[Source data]
<<<<
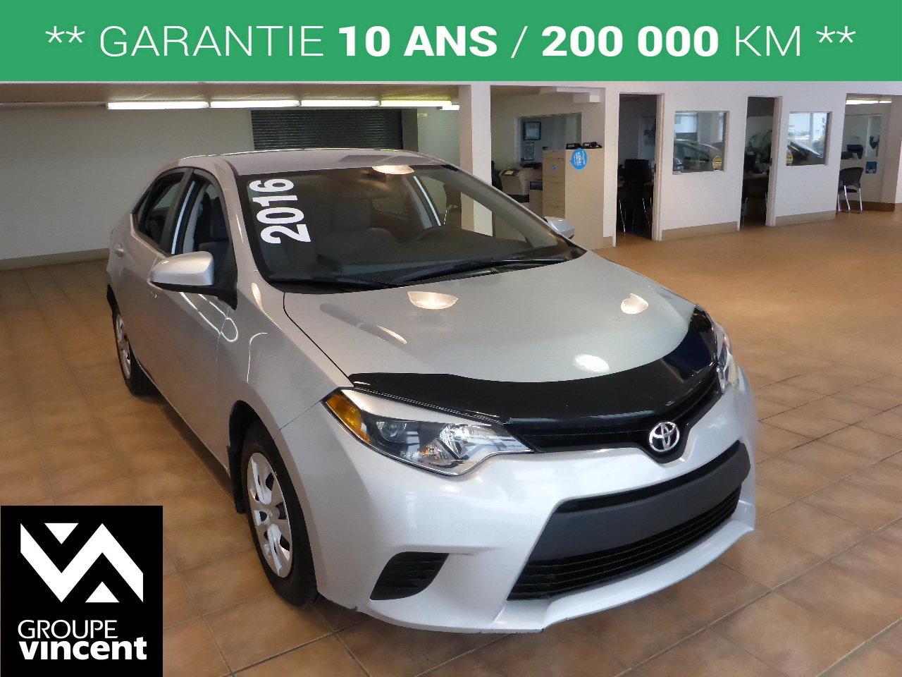 Toyota Corolla CE**CLIMATISEUR** Fiabilit? l?gendaire ! 2016Essuie-glaces intermittents, Anti-démarreur, Freins ABS, Contrôle de stabilité, Coussin gonflable conducteur, Coussins gonflables latéraux, Lecteur CD, Lecteur MP3, Portes électriques, Tachymètre, Vitres électriques, Air climatisé, Commandes audio au volant, Sièges arrières rabattables, Volant ajustable, Tapis protecteurs, Radio AM/FM, Rétroviseur électrique, Direction assistée, Rétroviseurs chauffants, Banquette arrière divisé, Coussins gonflables arrière pour la tête, Rétroviseurs électriques, Antipatinage, Verrous de sécurité pour enfants, Sièges baquets, Prise Auxiliaire, Technologie Bluetooth intégrée, Port USB
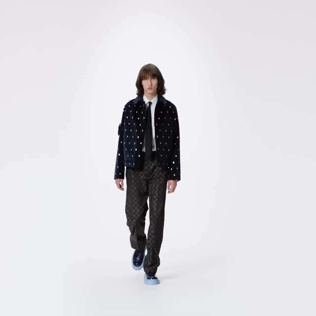 Esta chamarra está confeccionada en terciopelo en un tono azul oscuro. El elegante modelo de inspiración utilitaria se adorna con pequeños logotipos LV de color plateado. La pieza se completa con un moderno bolsillo redondo en la manga derecha.
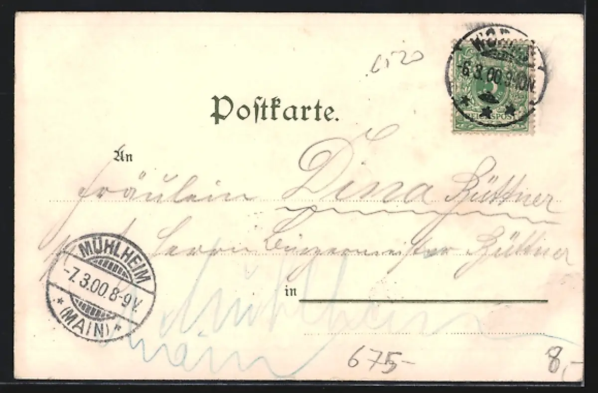 alte Ansichtskarte, gelaufen 1900, guter Zustand
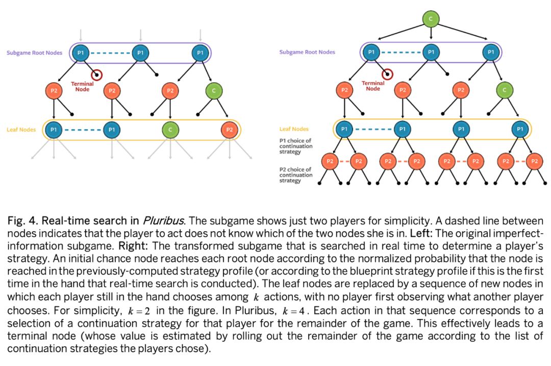 Pluribus 使用一种新方法,其中搜索者明确地认为任何或所有玩家可以转移到子博弈的叶节点之外的不同策略。作者假设当到达叶子节点时,每个玩家可以在 k 个不同的策略之间进行选择以进行接下来的博弈。在本文中作者设定 k=4。第一种是预先计算的蓝图策略;第二种是一种改进的倾向于 folding 的蓝图策略;第三种是倾向于 calling 的蓝图策略;第四种是倾向于 raising 的蓝图策略。(以上 folding、calling、raising 均为牌桌策略,分别为弃牌、跟注和加注)
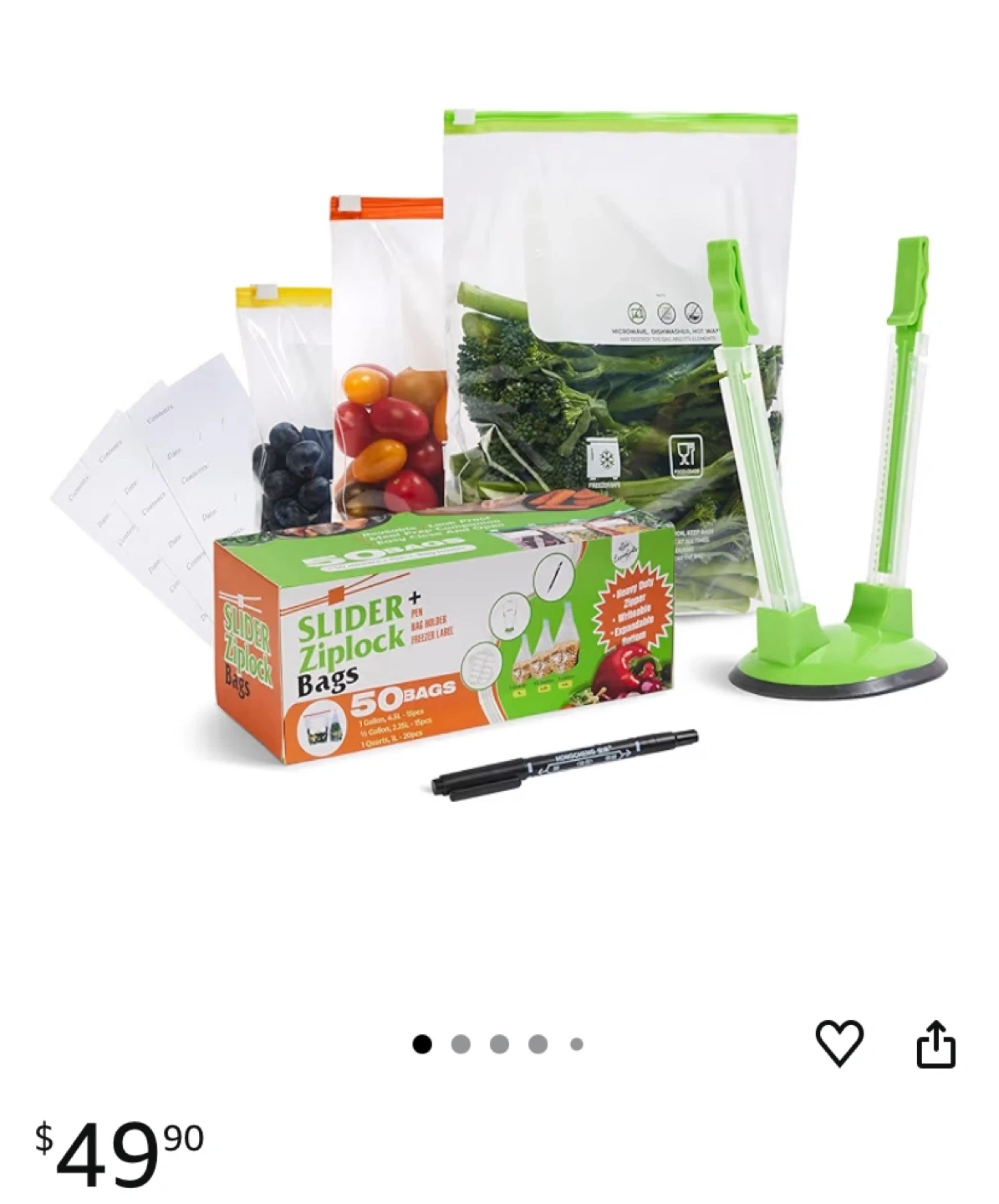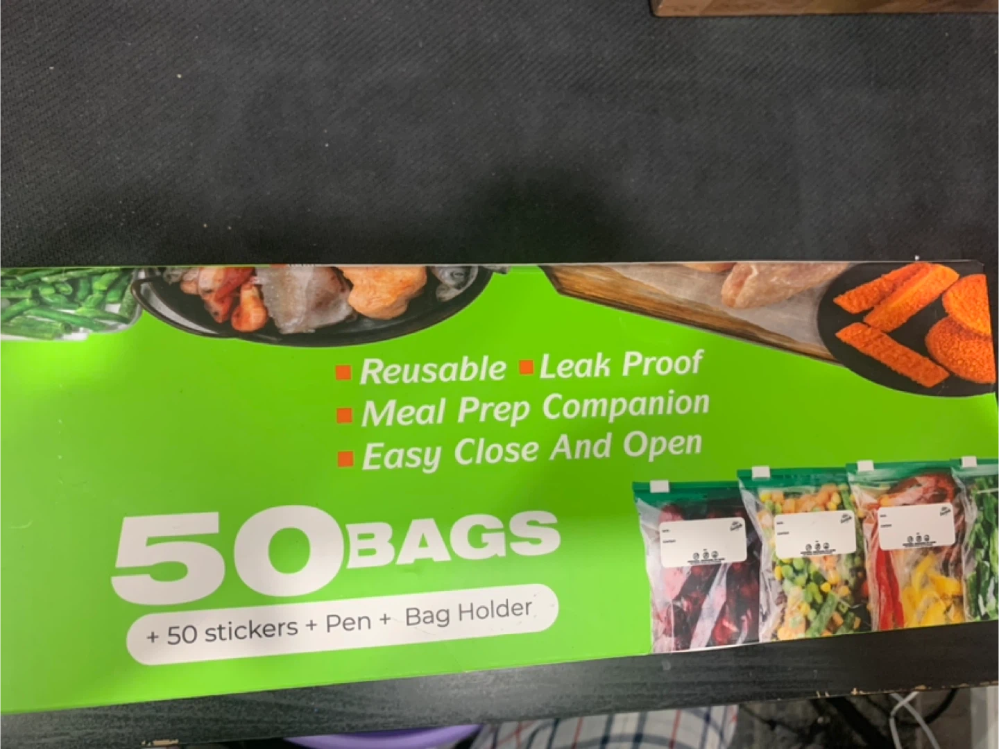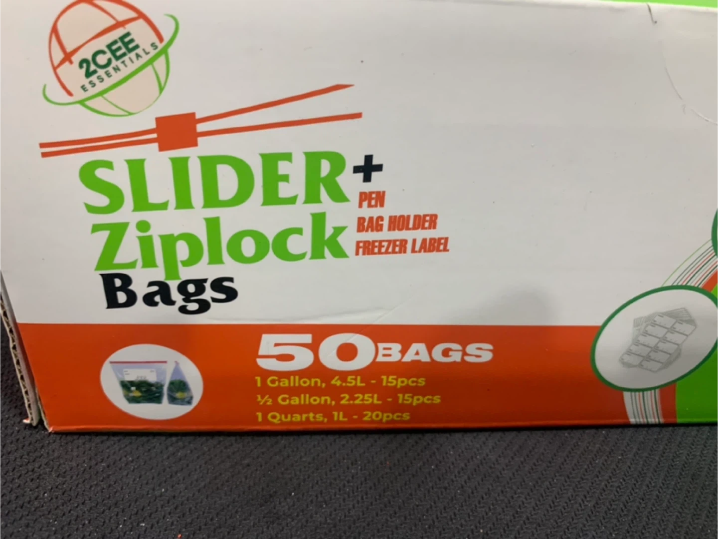 Get organized with these 2CEE Essentials Slider Ziplock Bags! This set includes 50 bags, plus 50 stickers, a pen, and a bag holder. These bags are reusable and leak-proof, making them perfect for meal prep and storage. They're designed with an easy close and open slider, and they're made from food-grade, non-BPA material.
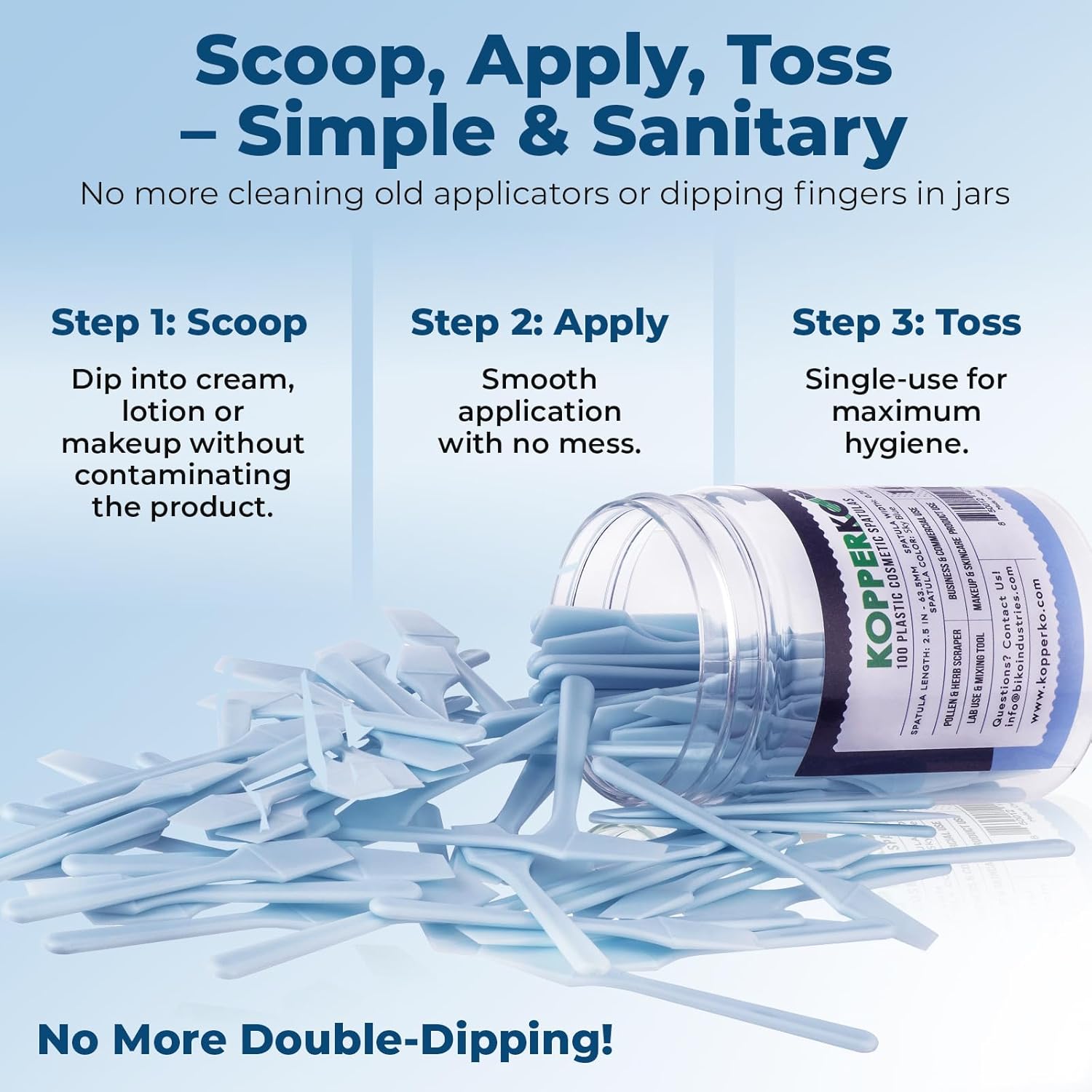 • Clean Out Your Containers: Maximize product use with our 100 pack of 0.25"x2.5" disposable makeup sample spatulas. Easily extract creams, lotions, or makeup from containers, even in tight spaces, without getting product under your nails
>>>>
PROBLEM STATEMENT: When you reproduce the entries above, keep every word exactly and leave out each picture.

OUTPUT OF THE TASK:
 Toyota Corolla CE**CLIMATISEUR** Fiabilit? l?gendaire ! 2016Essuie-glaces intermittents, Anti-démarreur, Freins ABS, Contrôle de stabilité, Coussin gonflable conducteur, Coussins gonflables latéraux, Lecteur CD, Lecteur MP3, Portes électriques, Tachymètre, Vitres électriques, Air climatisé, Commandes audio au volant, Sièges arrières rabattables, Volant ajustable, Tapis protecteurs, Radio AM/FM, Rétroviseur électrique, Direction assistée, Rétroviseurs chauffants, Banquette arrière divisé, Coussins gonflables arrière pour la tête, Rétroviseurs électriques, Antipatinage, Verrous de sécurité pour enfants, Sièges baquets, Prise Auxiliaire, Technologie Bluetooth intégrée, Port USB
 Esta chamarra está confeccionada en terciopelo en un tono azul oscuro. El elegante modelo de inspiración utilitaria se adorna con pequeños logotipos LV de color plateado. La pieza se completa con un moderno bolsillo redondo en la manga derecha.
 alte Ansichtskarte, gelaufen 1900, guter Zustand
 Pluribus 使用一种新方法,其中搜索者明确地认为任何或所有玩家可以转移到子博弈的叶节点之外的不同策略。作者假设当到达叶子节点时,每个玩家可以在 k 个不同的策略之间进行选择以进行接下来的博弈。在本文中作者设定 k=4。第一种是预先计算的蓝图策略;第二种是一种改进的倾向于 folding 的蓝图策略;第三种是倾向于 calling 的蓝图策略;第四种是倾向于 raising 的蓝图策略。(以上 folding、calling、raising 均为牌桌策略,分别为弃牌、跟注和加注)
 Get organized with these 2CEE Essentials Slider Ziplock Bags! This set includes 50 bags, plus 50 stickers, a pen, and a bag holder. These bags are reusable and leak-proof, making them perfect for meal prep and storage. They're designed with an easy close and open slider, and they're made from food-grade, non-BPA material.
 • Clean Out Your Containers: Maximize product use with our 100 pack of 0.25"x2.5" disposable makeup sample spatulas. Easily extract creams, lotions, or makeup from containers, even in tight spaces, without getting product under your nails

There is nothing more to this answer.